Il y a aussi les entrants de la fast-fashion, qui sont là à matraquer, font des très petits prix, sont très performants, sur les canaux de distribution.

Des petits prix, accessibles pour tous, bien loin des 30 euros que coûtait un t-shirt basique (mais éco-responsable) de sa boutique dans le 6e arrondissement lyonnais : « Dans notre boutique, on essayait toujours de faire comprendre aux gens qu'un t-shirt à 3 euros c'est pas possible. Si vous achetez un t-shirt à 3, 5 ou 10 euros, il y a quelqu'un qui se fait forcément avoir ». Une fast-fashion, de plus en plus puissante, la faute peut-être à l'absence de définition légale, et donc de contrôle.

Même s'il reste convaincu qu'un autre modèle est possible, pour Nicolas Asbóth-Martire, l'avenir s'inscrit en pointillé : « Si on parle de l'avenir de la mode éthique à Lyon, je suis plus que mitigé [...] à cause des travaux en centre ville, même si c'est pour un résultat très beau, on n'a pas anticipé le commerce urbain. Je pense que cette mode éthique et responsable se fera plus en périphérie, car les gens se sont installés là-bas ».

L'invité de M Comme Midi · RCF Lyon« Il n'existe pas encore de définition légale de la fast fashion » Glynnis Makoundou, avocate en droit de la mode

Faire les choses autrement pour continuer à vivre 

Quand on parle mode éthique et responsable à Lyon, un détour par le "Passage Thiaffait" s'impose. Ici, c'est l'endroit où des créateurs et créatrices, soucieux de leur impact environnemental peuvent lancer leur business, avec l'aide du Textile Lab, de la Ville et de la Métropole de Lyon. Situé dans les pentes de la Croix Rousse, c'est dans l'une de ces petites boutiques que Mauguan Péniguel s'est installé en 2023. Suite à un projet étudiant, il cofonde la marque NOSC, des vêtements de sport fabriqués à base d'huile de ricin. La promesse ? Des vêtements techniques, éco-responsables, qui durent dans le temps. « La volonté de créer NOSC part d'une étude disant que la pratique sportive détruit l'environnement dans lequel on vit, car ça rejette des microplastiques, des PFAS », explique le jeune entrepreneur.

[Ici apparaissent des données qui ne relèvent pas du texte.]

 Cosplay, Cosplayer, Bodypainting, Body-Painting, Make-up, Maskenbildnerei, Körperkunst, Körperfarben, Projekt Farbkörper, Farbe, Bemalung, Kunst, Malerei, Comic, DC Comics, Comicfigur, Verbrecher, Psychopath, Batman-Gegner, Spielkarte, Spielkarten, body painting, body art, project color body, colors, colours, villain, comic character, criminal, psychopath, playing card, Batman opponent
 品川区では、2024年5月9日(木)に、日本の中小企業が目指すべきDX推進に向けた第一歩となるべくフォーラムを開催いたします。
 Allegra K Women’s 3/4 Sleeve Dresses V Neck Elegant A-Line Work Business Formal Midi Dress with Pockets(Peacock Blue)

Le "Passage Thiafait", dans les pentes de la Croix-Rousse © RCF Lyon

Un concept, qui a trouvé son public, mais qui n'a pas résisté à l'étape d'après : « L'objectif était de s'ouvrir à de nouveaux pays, de nouveaux réseaux. Le problème, c'est que j'étais dans une phase où le passé et le passif était trop lourds à supporter. On est dans une industrie textile, dans le sport, et technique et éco-responsable, donc en fait ça fait beaucoup de critères qu'il faut manier. Quand on est un gros mastodonte, on a des activités à côté qui permettent de nourrir l'innovation, nous c'était le cœur même de NOSC, on n'avait pas de vente récurrente à côté ».  

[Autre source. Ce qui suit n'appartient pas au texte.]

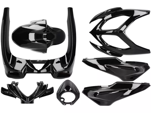 Set di parti della carenatura -DMP- 7 pezzi - Yamaha Aerox 2013 (YQ50/L, 2 tempi), MBK Nitro 2013 (YQ50/L, 2 tempi) - nero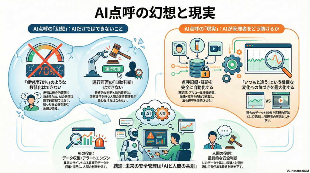 まずはっきりさせておきたいのは、「AIが勝手に判断し、勝手に安全を保証してくれる」という幻想は捨てるべきだということです。現在の技術レベルにおいて、AIやシステムが運行管理者に代わって医学的な診断や、個人の深刻な体調異変を完全に判断することはできません。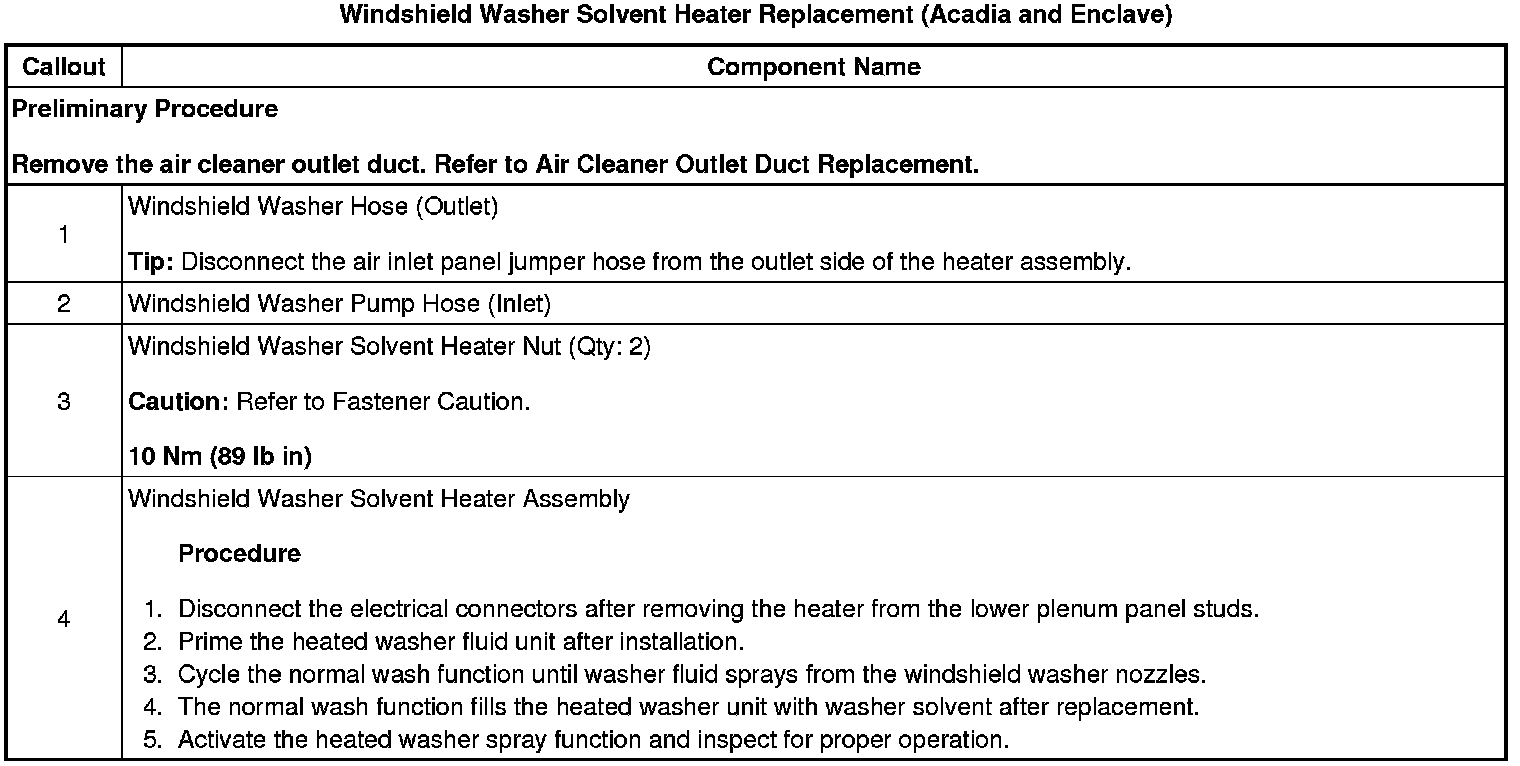 Windshield Washer Solvent Heater Replacement (Acadia and Enclave)

Comme Les Curieux, NOSC a baissé le rideau début avril, mais le sourire reste présent sur le visage du passionné de sport et d'entrepreneuriat : «Vendre de l'éco-responsabilité, ça ne plaît plus autant. Maintenant, faut se dire qu'il y a d'autres entreprises, qui plus ou moins correctement, font du green, de l'éco-responsable, mais du coup, ce n'est plus un argument différenciant [...]. Moi je suis convaincu que si on arrive à vendre un produit, même si la personne n'a pas conscience qu'il est éco-responsable, ça veut dire qu'il il y quelque chose d'autre qui plaît. Oui pour faire de l'éco-responsable par nature, parce que c'est nécessaire, mais l'innovation est une des manières d'apporter un besoin ou une différenciation ».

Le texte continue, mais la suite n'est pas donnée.